26-06-2018

La question de l’incapacité définitive du travailleur, qui est susceptible d’entraîner la rupture du contrat de travail avec effet immédiat et sans préavis ni indemnité, a fortement évolué au cours des derniers temps. Elle est notamment appréciée, aujourd’hui, au regard de l’application de la réglementation anti-discrimination.

L’arrêt prononcé par la Cour du Travail de Bruxelles le 23 octobre 2017 nous en donne un exemple.

Une société active dans le secteur de la construction occupe un ouvrier qui exerce la fonction de charpentier-coffreur. Celui-ci est victime d’un accident du travail qui lui occasionne une lésion au coude. Le conseiller en prévention-médecin du travail préconise la reprise d’un travail allégé sans port de charges.

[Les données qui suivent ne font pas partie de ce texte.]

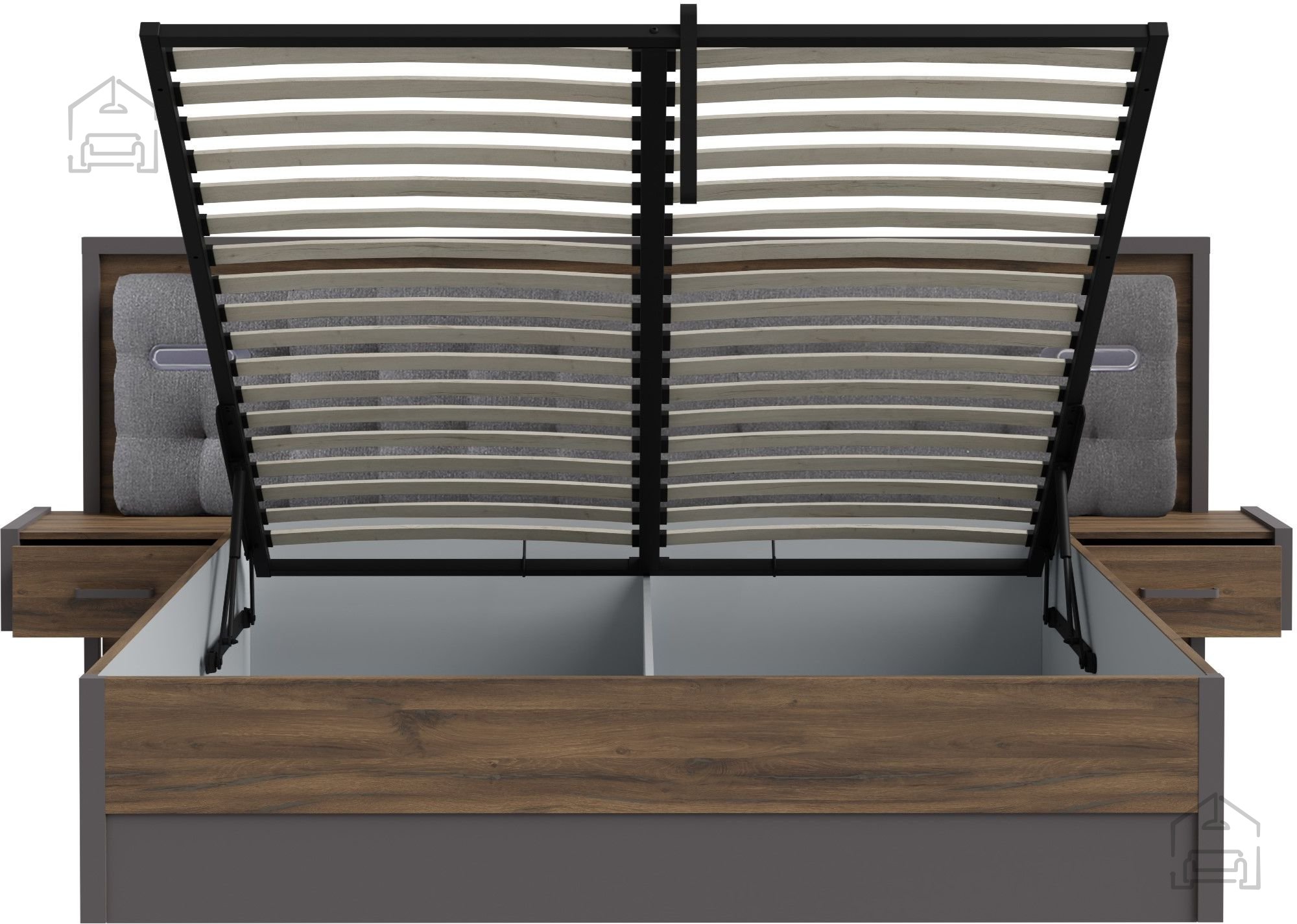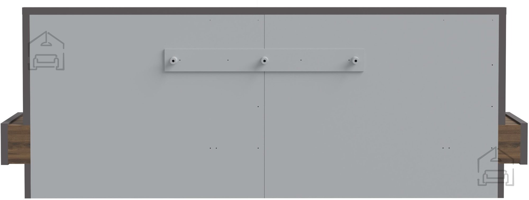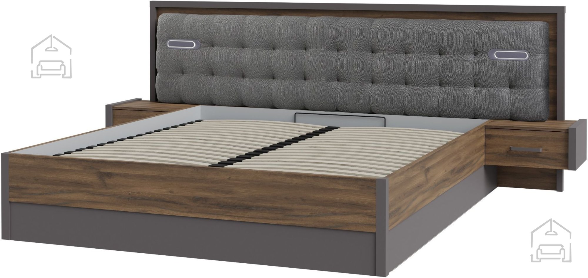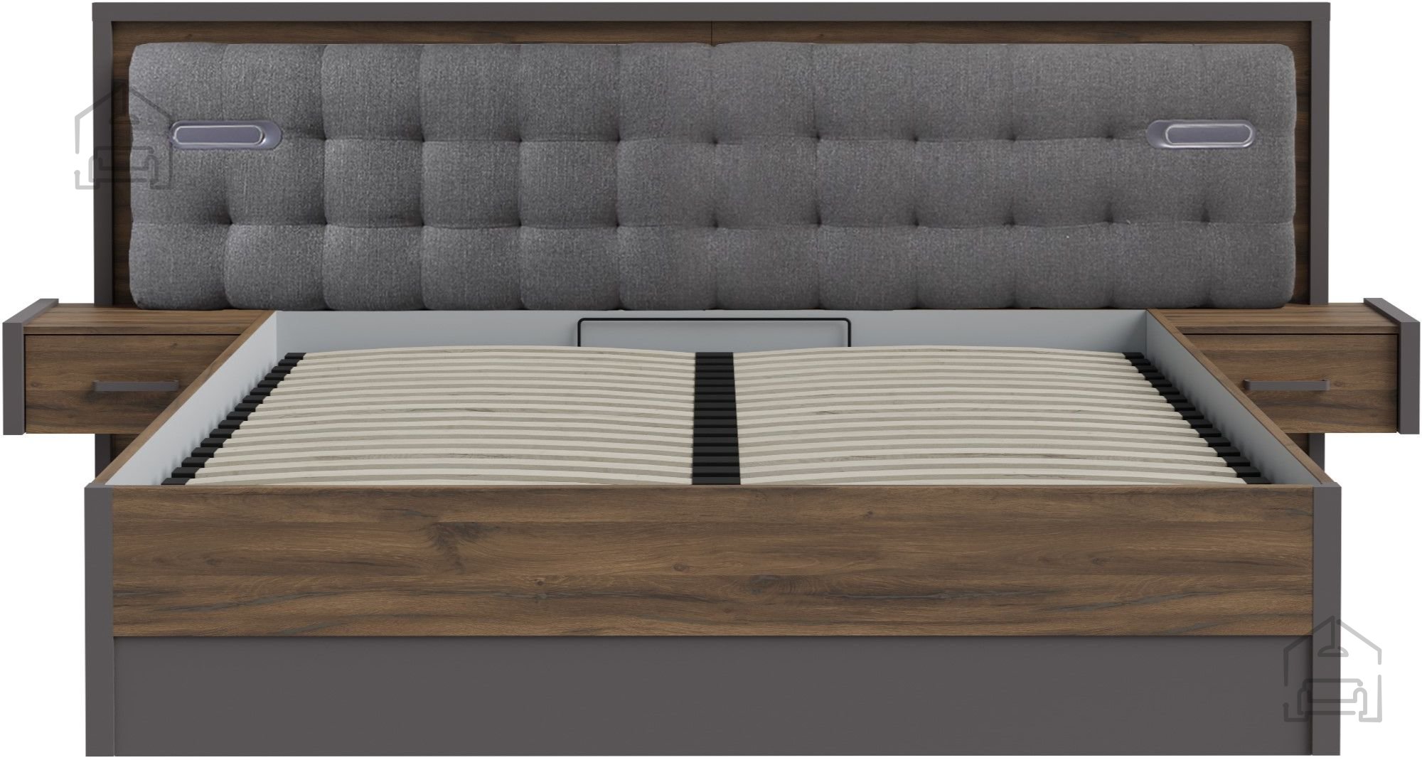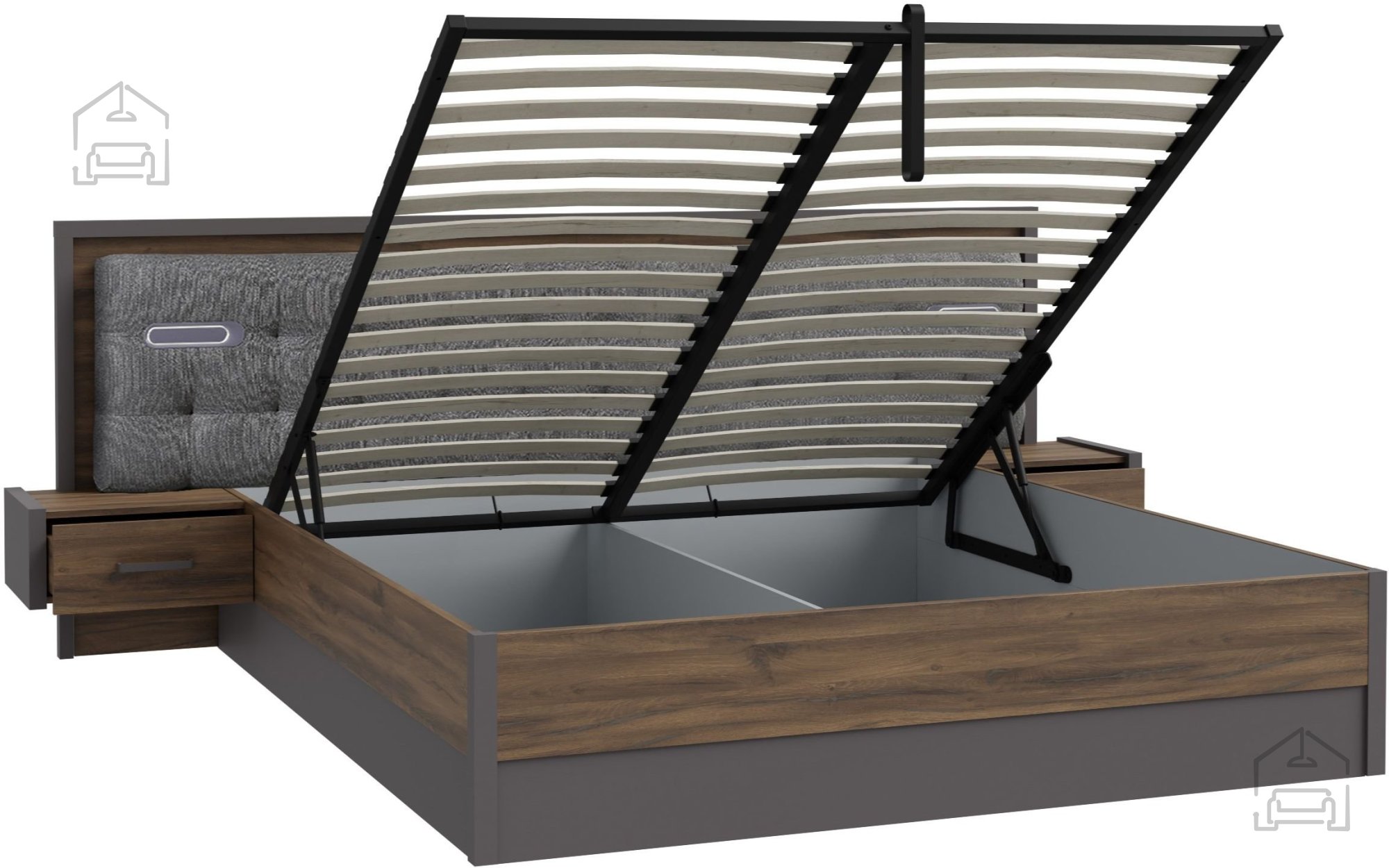 Großes Bett in dunkler Eichenfarbe mit grauen Details, ausgestattet mit einem gepolsterten Kopfteil und zwei Kommoden an den Seiten, die als Nachttische dienen. Die Liegefläche ist für Matratzen der Größe 180x200 cm vorgesehen. Die große gepolsterte Kopfplatte sorgt für zusätzlichen Komfort beim Schlafen und Anlehnen, gepolstert und mit dekorativen Nähten im quadratischen Muster versehen. Vom Boden bis zur Oberkante ist sie 103 cm hoch und 258 cm breit.

C’est dans ces conditions que l’employeur propose au travailleur de suivre une formation de conduite de grue à tour. Durant celle-ci, l’ouvrier est victime d’un second accident du travail qui l’empêche de terminer sa formation. En outre, le conseiller en prévention-médecin du travail délivre un certificat d’inaptitude définitive pour la fonction de charpentier-coffreur.

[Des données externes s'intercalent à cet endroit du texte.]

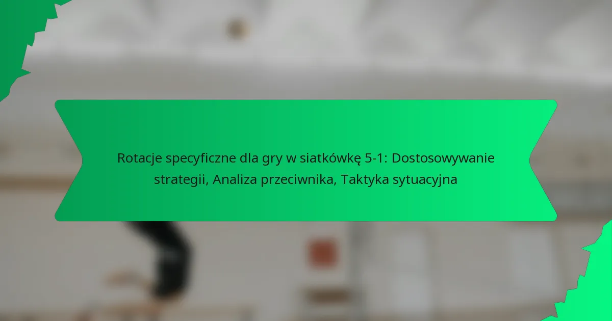 Taktyki sytuacyjne w siatkówce 5-1 polegają na dostosowywaniu strategii w oparciu o aktualne warunki meczu, w tym różnice punktowe, zmęczenie graczy i specyficzne scenariusze gry. Taktyki te są niezbędne do maksymalizacji wydajności zespołu i zapewnienia skutecznych odpowiedzi na mocne i słabe strony przeciwników.
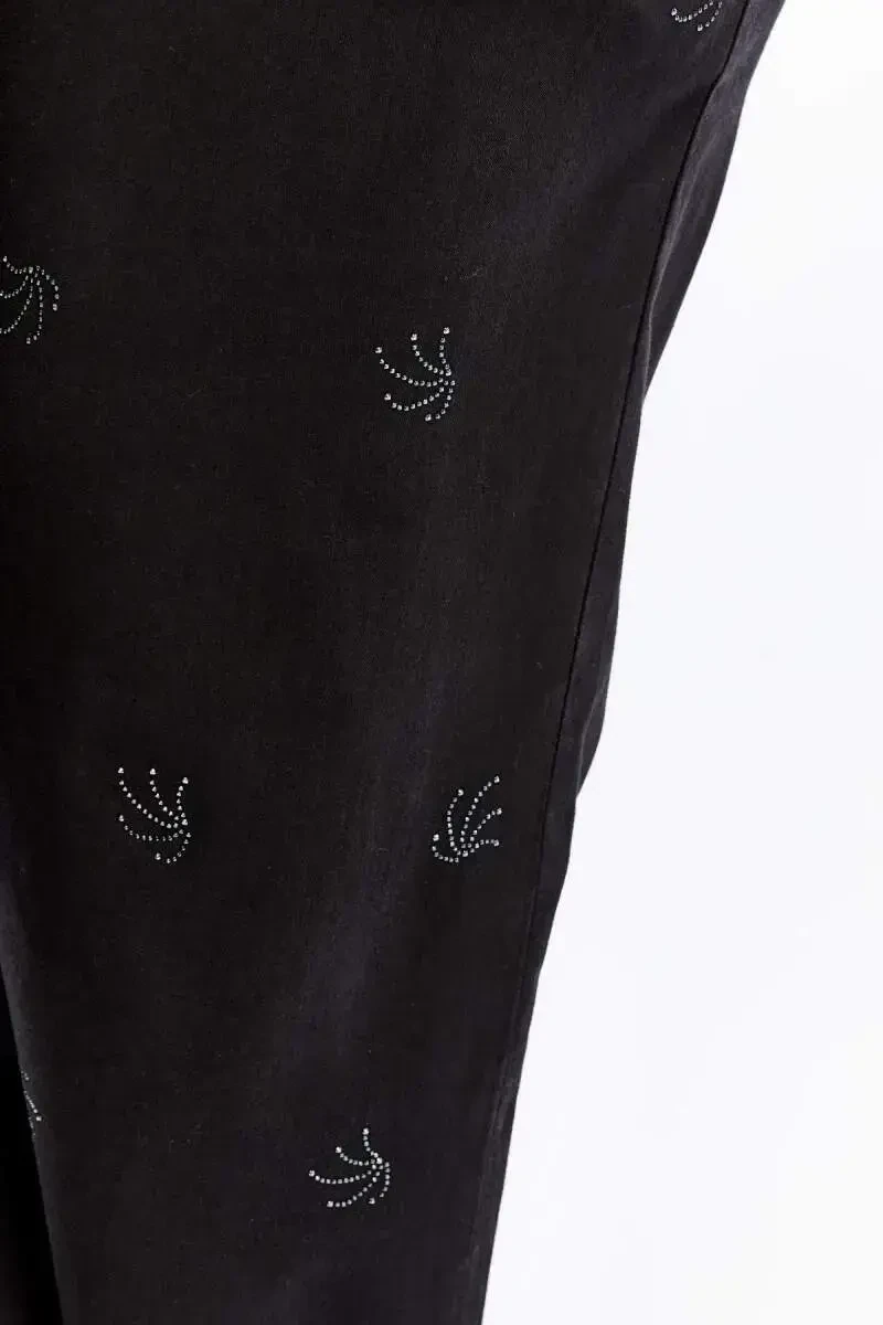 Сочетайте элегантность и комфорт в своем гардеробе с черными широкими брюками большого размера с каменной отделкой. Эти брюки с современным дизайном и удобным кроем помогут вам выделиться в любой обстановке. Высококачественная ткань из смеси тенселя, хлопка и эластана обеспечивает комфорт в течение всего дня, а элегантные каменные детали придают вашему образу изысканность. Эти брюки идеально подходят для любого типа фигуры благодаря широкому выбору размеров plus size и станут вашим любимым предметом одежды, особенно осенью и зимой. Широкий крой штанин создает современный силуэт, не ограничивая свободу движений. Благородный черный цвет сочетается с любыми нарядами, предлагая вам бесконечные возможности. Эти брюки, которые можно носить как повседневно, так и на особые мероприятия, ставят комфорт на первое место, не жертвуя элегантностью. Размер 46 на модели демонстрирует идеальную посадку брюк в диапазоне размеров plus size. Тенсел в составе ткани придает брюкам мягкость, а хлопок позволяет коже дышать. Эластан обеспечивает эластичность, не ограничивая ваши движения. Каменные детали элегантно расположены на передней части брюк, придавая им сияние. Эти детали выделяют брюки среди других и помогают добавить уникальности вашему образу. Эти брюки, разработанные в соответствии с тенденциями осенне-зимнего сезона, согреют вас в холодную погоду, не жертвуя при этом вашей элегантностью. Черные широкие брюки большого размера с каменной отделкой, которые можно с легкостью использовать как в повседневных образах, так и на особых мероприятиях, станут незаменимой частью вашего гардероба. Чувствуйте себя всегда стильно и комфортно в этих брюках, которые отражают ваш стиль и заботятся о вашем комфорте. Качество ткани, тщательная работа пошива и стильный дизайн делают их вещью, которую вы сможете носить долгие годы. Обязательно попробуйте эти брюки, чтобы почувствовать себя особенной и подчеркнуть свой стиль. Эти брюки, сочетающие в себе элегантность и комфорт в одежде больших размеров, станут для вас идеальным выбором.
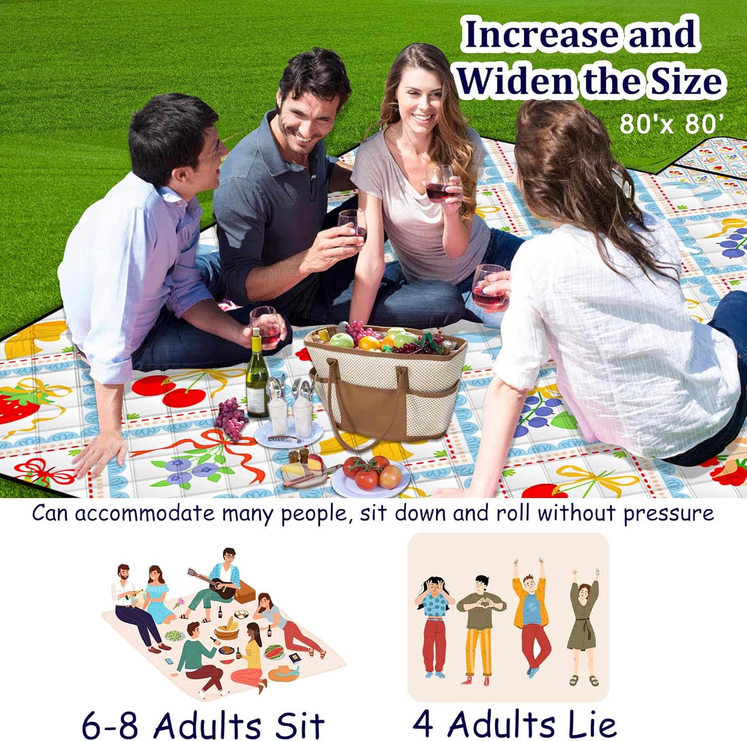 Extra Large Picnic Blanket Waterproof,80"x 80"Foldable Machine Washable Beach Blanket,Outdoor Blanket for 6-8 Adults,Suitable for Indoor Crawling,Park Beach,Camping,Hiking,Family Travel(Fruit)

C’est sur cette base que l’employeur met alors fin au contrat de travail en se prévalant de l’incapacité définitive du travailleur.

Ce dernier conteste la décision de son employeur et invoque notamment le fait qu’il serait victime d’une discrimination basée sur son handicap.

Dans son arrêt, la Cour du Travail commence par examiner la question de l’existence d’un handicap dans le chef du travailleur. Elle constate que celui-ci s’est vu reconnaître un taux d’incapacité définitive de 12% par l’assureur-loi et qu’il a été reconnu définitivement inapte pour l’exercice de fonction nécessitant le port de charges lourdes. La Cour en déduit l’existence d’un handicap, c’est-à-dire d’une atteinte physique affectant la pleine participation du travailleur à la vie professionnelle.

La Cour du Travail analyse ensuite les mesures prises par l’employeur. Elle reconnaît que celui-ci a mis en place des aménagements raisonnables, puisqu’il a proposé au travailleur de suivre une formation pour exercer la fonction de conducteur de grue à tour. Toutefois, lorsqu’il s’est agi d’achever cette formation après que le travailleur ait du l’interrompre suit à son second accident du travail, l’employeur a fait valoir qu’il ne disposait plus de poste de conducteur de grue à tour. La Cour relève cependant qu’au sein de l’entreprise, il existait plusieurs postes dans lesquels les travailleurs cumulaient une autre fonction avec celle de conducteur de grue à tour. Elle souligne que l’employeur ne démontre pas qu’il n’aurait pas pu réorganiser le travail pour confier au travailleur reconnu définitivement inapte d’être affecté à temps plein à une fonction de conducteur de grue à tour.

La Cour du Travail conclu donc à l’existence d’une discrimination et condamne l’employeur au paiement de l’indemnité prévue par la loi, soit 6 mois de rémunération.

 

Qu’en penser ?

 

L’employeur qui entend se prévaloir de l’incapacité définitive du travailleur pour rompre le contrat de travail sans préavis ni indemnité doit être en mesure, lorsque cette incapacité définitive constitue un handicap, de démontrer qu’il n’était pas en mesure de reclasser ce travailleur dans une autre fonction au sein de l’entreprise. Cette preuve doit être établie de façon rigoureuse.